Subsequent to receiving the “Invasives with Volunteers” grant, Texas Tech University received a Science Support Grant in partnership with U.S. Geological Survey and the Refuge. The purpose of this grant was to monitor the response of Pecos assiminea to phragmites removal on Bitter Creek. As Roesler was already experimenting with two monitoring techniques (visual searches of small quadrats and wood tiles) to monitor this species, and had already fully sampled Bitter Creek the prior year using quadrat searches, she was the best choice to make the leap from Student Conservation Association intern to graduate student. In spring of 2013 she enrolled as a graduate student at Texas Tech University to work on the Science Support Grant funded project. Two main goals of her graduate project are to monitor the effects of phragmites removal on Pecos assiminea, and to concurrently examine the efficacy of the two monitoring techniques mentioned above. Unlike most graduate students in the field of conservation science, Roesler actually entered graduate school as one of the leading experts on her study species. Thanks to her Student Conservation Association internship, perhaps only 1 or 2 people in the world have observed and sampled more Pecos assiminea than Roesler.

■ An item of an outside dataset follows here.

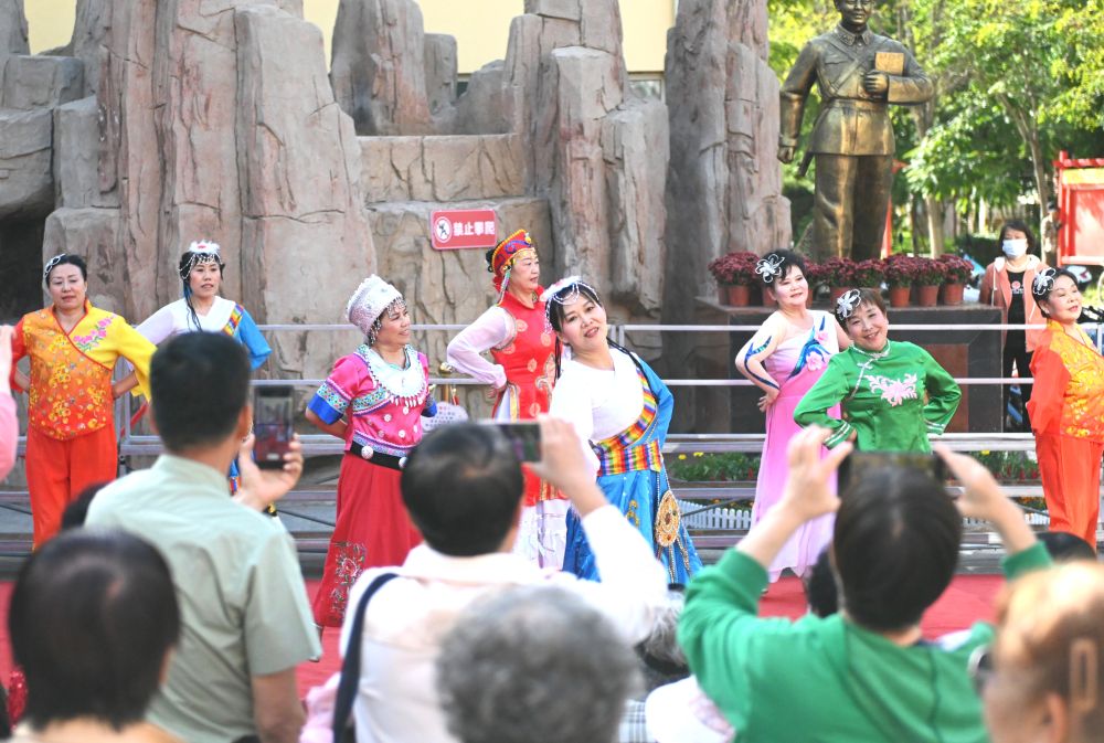 居民在宁夏银川市金凤区长城花园社区广场表演舞蹈。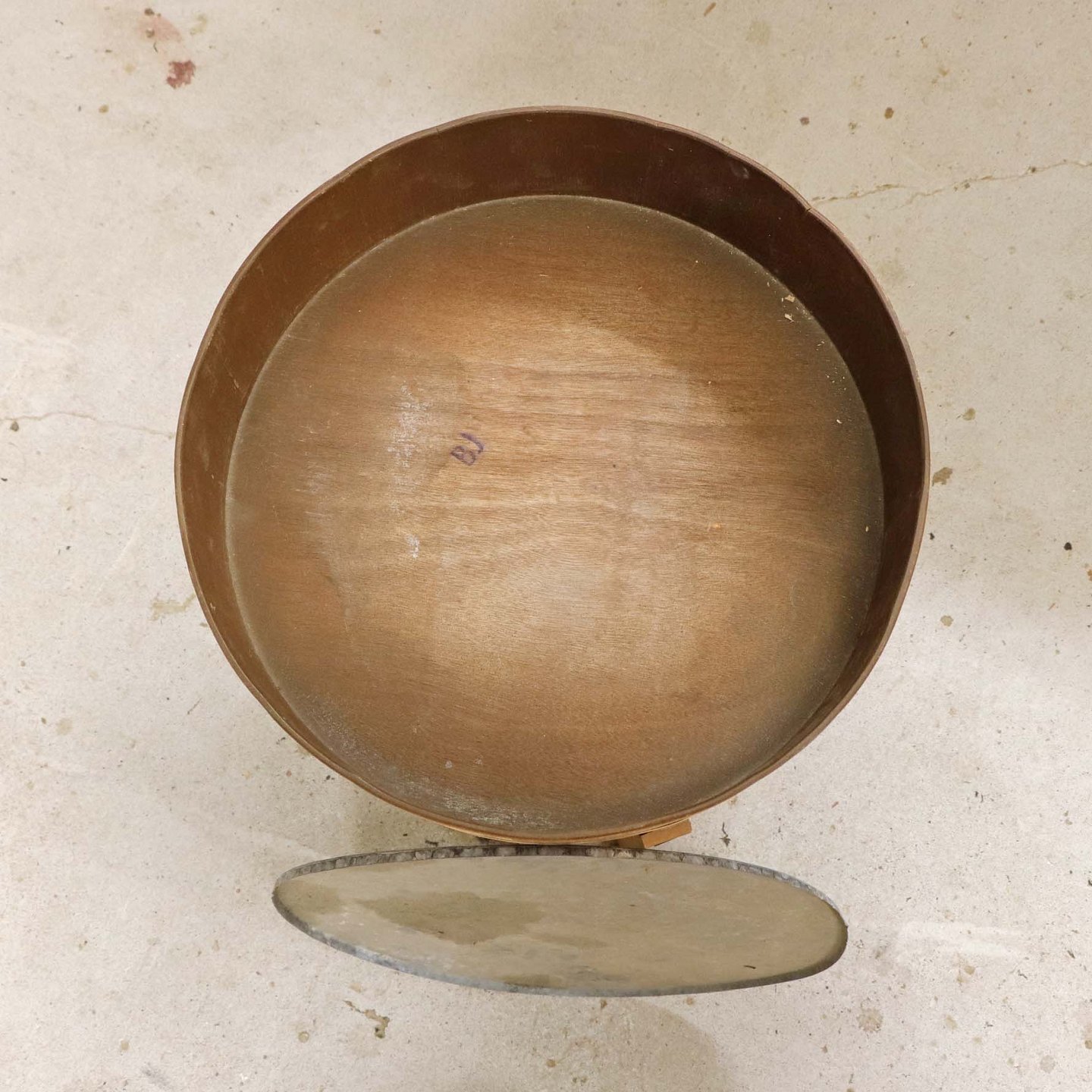 Tøndeformet kumme til blomster med stel i lakeret bøgetræ og ramme i teaktræ med gyldne dekoraktionsbånd og aftagelig bundplade i zink.

So what does Bitter Lake NWR gain from this project? First, the Refuge aims to benefit an endangered species through its management actions/prescriptions, and the monitoring effort will help the Refuge learn how the species responds. Secondly, the Refuge will get answers concerning the efficacy of two potentially suitable sampling techniques that can each be used to answer questions about Pecos assiminea distribution and density. Hopefully one of the techniques can be used for “operational” monitoring for the species. From a general conservation standpoint, the U.S. Fish and Wildlife Service will get estimates of Pecos assiminea density in multiple habitats, which will be among the first abundance estimates for this species! Upon completion of the work, the Refuge will have enough information to make reasonable predictions about the response of Pecos assiminea to phragmites control if additional removal efforts are pursued, and, lastly, the Refuge should have enough information to start modeling likely occurrence of Pecos assiminea based on its habitat parameters. This project is adaptive management at its best.
Citation: Taylor, D.W. 1987. Fresh-water mullusks from New Mexico and vicinity. New Mexico Bureau of Mines and Mineral Resources Bulletin 116.